L’offensive commence par “ 27 triages ”. Après les essais précédents, regrettables à tous
points de vue, y compris leur inutilité, qui ont marqué 1943, c’est Le Mans-triage qui débute la série
en mars 1944. Bien que l’objectif soit réputé facile à atteindre parce que les habitations sont
éloignées, que la défense au sol et la chasse allemande sont réduites, le succès reste douteux7.

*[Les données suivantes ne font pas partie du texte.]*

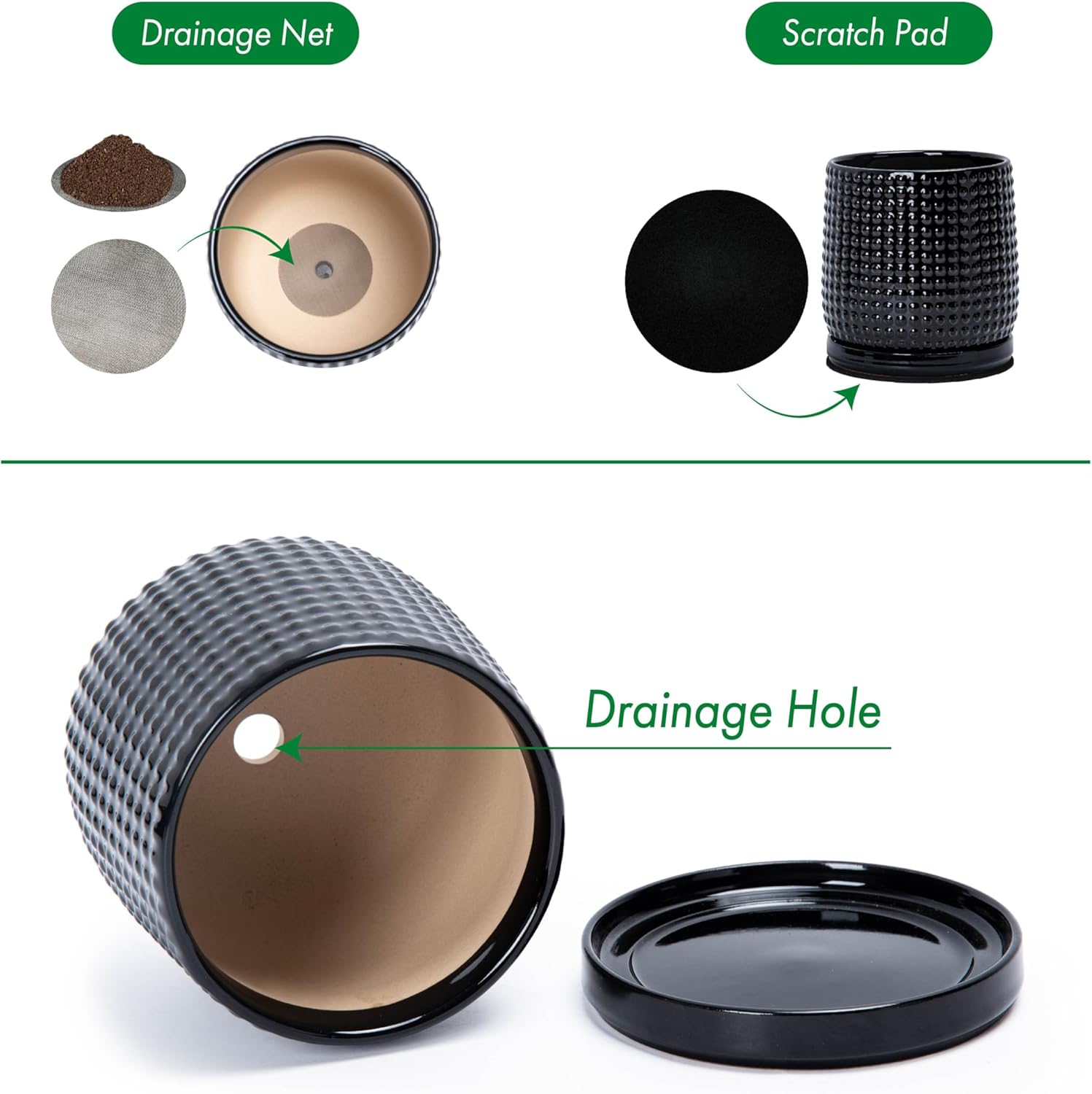 - Included: Each pot comes with drainage hole and fitting detachable drip tray.
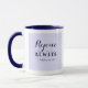 Esta linda caneca azul apresenta versos Bíblias sobre regozijo junto com o nome personalizável no verso.
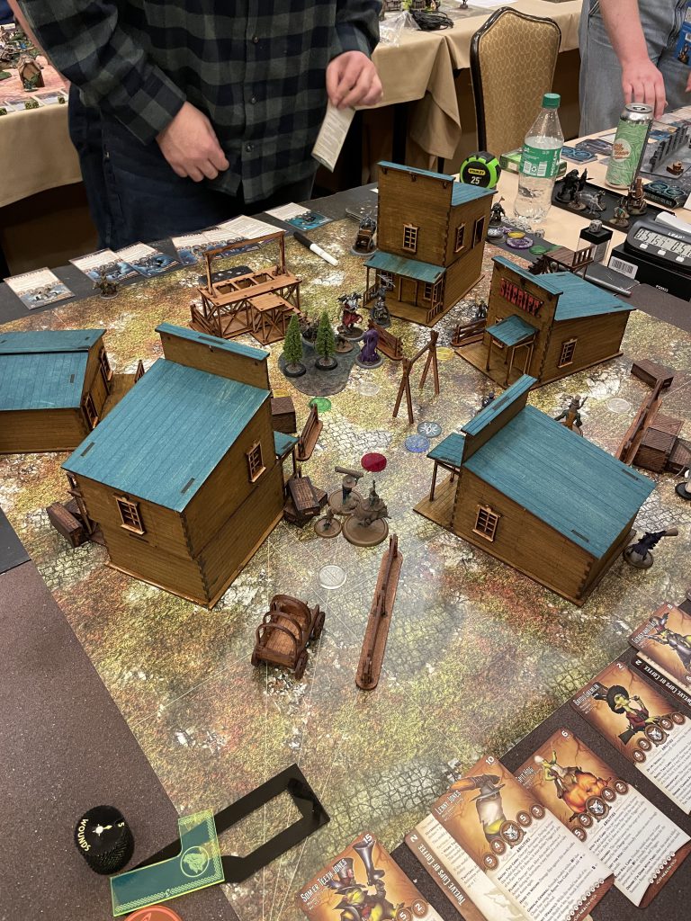 Pic unrelated, but I love the Old West table. Som'er Teeth Jones is playing into Jedza, I think: wisdom and mystic power vs. uh, not those things. Credit: Jesse ETurn 1 he dithered in his deployment zone with the Crooligans, making Schemes for Molly to eat for cards and gaining activation control via Constructive Criticism, while giving the Valedictorian Fast. He made his move late in the turn, diving the Bushwhacker on the left flank, though I was able to force him to cheat so I could Scamper away and avoid being killed. Only temporarily - that Whacker's days were numbered. On the other side I played cagey, not taking potshots at Archie, which was probably a mistake; without Focus it's very hard for him to oneshot a whacker, and if I can make him cheat I can limit him to one attack. Archie is a fat sack of HP but he's also Df 4, and Crit Strike guns can very quickly put him in the dirt.
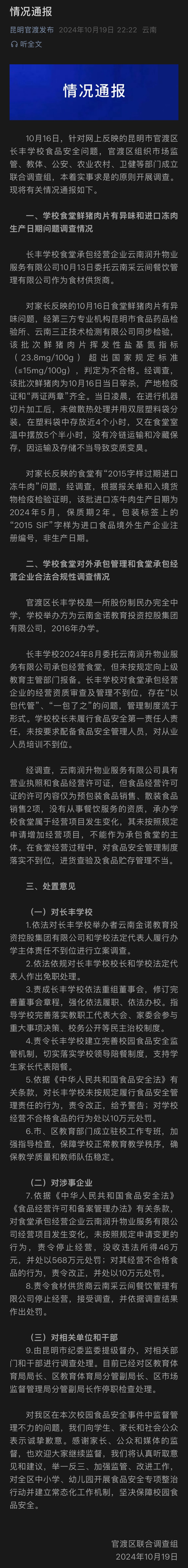 对家长反映的10月16日食堂鲜猪肉片有异味问题,经调查,该批次鲜猪肉为10月16日当日宰杀,产地检疫证和“两证两章”齐全。当日凌晨,在进行机器切片加工后,未做散热处理并用双层塑料袋分装,在塑料袋中存放近4个小时,又在食堂室温中摆放5个半小时,没有冷链运输和冷藏保存,因运输及存储不当导致变质变臭。
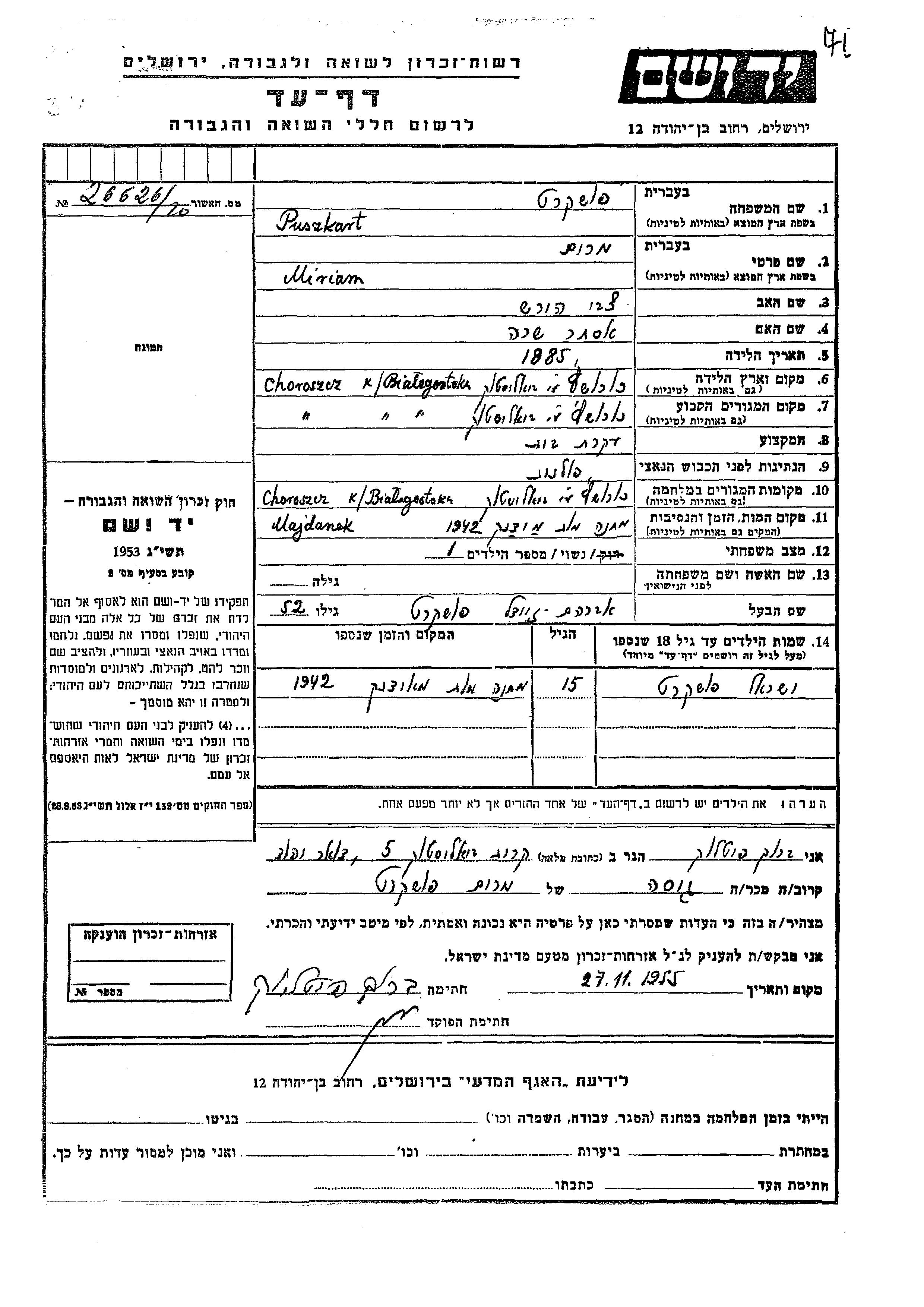 Puszkart Miriam 1885 Choroszcz, Poland Page of Testimony
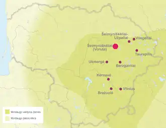 Domínio do Rei Mindaugas (amarelo escuro) durante os tempos do Reino da Lituânia, compõem o ducado inicial da Lituânia.
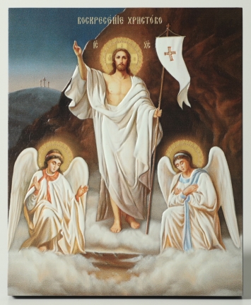 Икона на доске 33х40 объемная печать, лак Воскресение Христово 2
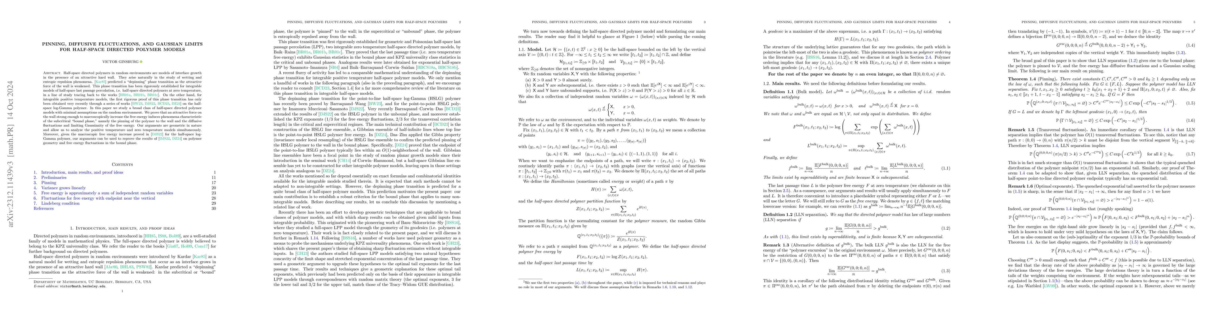 This paper investigates half-space directed polymer models, proving that a sufficiently strong attractive force on the wall induces polymer pinning, diffusive fluctuations, and Gaussian limits for the free energy, applicable to both positive and zero temperature models. The geometric arguments used also reprove recent results on polymer geometry and free energy fluctuations in the bound phase.

Les destructions ferroviaires utiles à court terme du point de vue militaire sont presque nulles,
les relevés aériens le prouvent dans ce cas comme dans les suivants. Malgré tout la répétition de ces
raids lourds devient impossible à éviter. Comme ils sont difficiles à organiser, donc espacés en
temps, la reconstruction partielle des itinéraires de voies essentielles peut être menée à bien entre
deux raids ce qui ne gêne guère les transports militaires sinon en ralentissant de quelques jours les
ravitaillements. Curieusement, à la même époque, des raids extrêmement précis sont effectués
contre les stations de radars allemands (40 sur 47), dispersés de Cherbourg à la Belgique, dans le
but d’entretenir la confusion sur les zones de débarquement. Effectuées par des
chasseurs-bombardiers (Typhoon ou Spitfire, ou Mosquitos) parfois pourvus de fusées-bombes,
elles se révèlent extrêmement efficaces et peuvent se répéter et harceler l’adversaire sans risques
majeurs. Quoique la résistance française et belge connaisse, approuve et aide ces opérations, il ne
semble pas, à cause du cloisonnement et des luttes intestines entre états-majors, que l’on ait pensé à
les utiliser contre les voies ferrées avant plusieurs mois. En ce qui concerne les attaques de trains,
les cheminots n’y étaient guère préparés : ils connaissaient leurs risques, mais ne soupçonnaient pas
encore l’absence de discernement des attaquants qui allaient confondre convois militaires et civils,
voies normales et voies étroites. Quant aux bombardements de gares, ils n’étaient pas plus
efficaces : dans le cas de 30 % des objectifs atteints, la SNCF pouvait remettre en service quelques
voies de traversée en quelques heures, sinon en quelques jours en dépit des bombes à retardement
(figure 32).
Ces constats sont valables pour tous les raids de mars à juillet 1944 car, malgré les
perfectionnements du ciblage par radar (H2S notamment), les radios de bord et d’identification
(I.F.F.) sont trop bavardes, et permettent aux radars allemands de diriger avec plus de précision la
chasse nocturne. Celle-ci est pourvue, dès février 1944, de radars de pistage précis (SN2) qui
équipent 480 appareils JU88 et ME110 en avril et de nouveaux canons obliques qui tiennent compte
des angles morts des bombardiers britanniques. S’ensuivent des pertes atteignant, selon l’aveu
même des Anglais, une “ quantité presque insupportable ”, qui vont durer jusqu’à la mise en service
7 Un des griefs les plus notables et les plus répétés des informateurs alliés était l’absence de prise en considération des
rapports du sol par les états-majors des forces aériennes concernées. On constate même avec surprise, connaissant
l’existence de telles observations, et la certitude de leur transmission, l’absence de leur mention par les War Diaries de
la R.A.F. (agendas de combat et bombardements, publiés en 1985 seulement, voir bibliogr. [13]). Plus curieusement
encore, dans le cas d’opérations douteuses ou ayant mal tourné, il semble qu’au lieu des rapports précis et souvent
protestataires, émanant d’agents britanniques travaillant en France avec la résistance, on trouve seulement la mention :
“ pas de rapport local émanant du sol ”. C’est le cas des raids les plus meurtriers de civils, comme Rennes, Nantes,
Rouen, Lille, Saint-Etienne, Besançon, Lyon-Vaise. Une exception : Ambérieu, où après une première attaque inutile, la
Résistance obtient de Londres l’arrêt des raids aériens, après avoir fait la preuve de l’efficacité locale des sabotages, qui
avaient coûté de nombreux otages et déportés.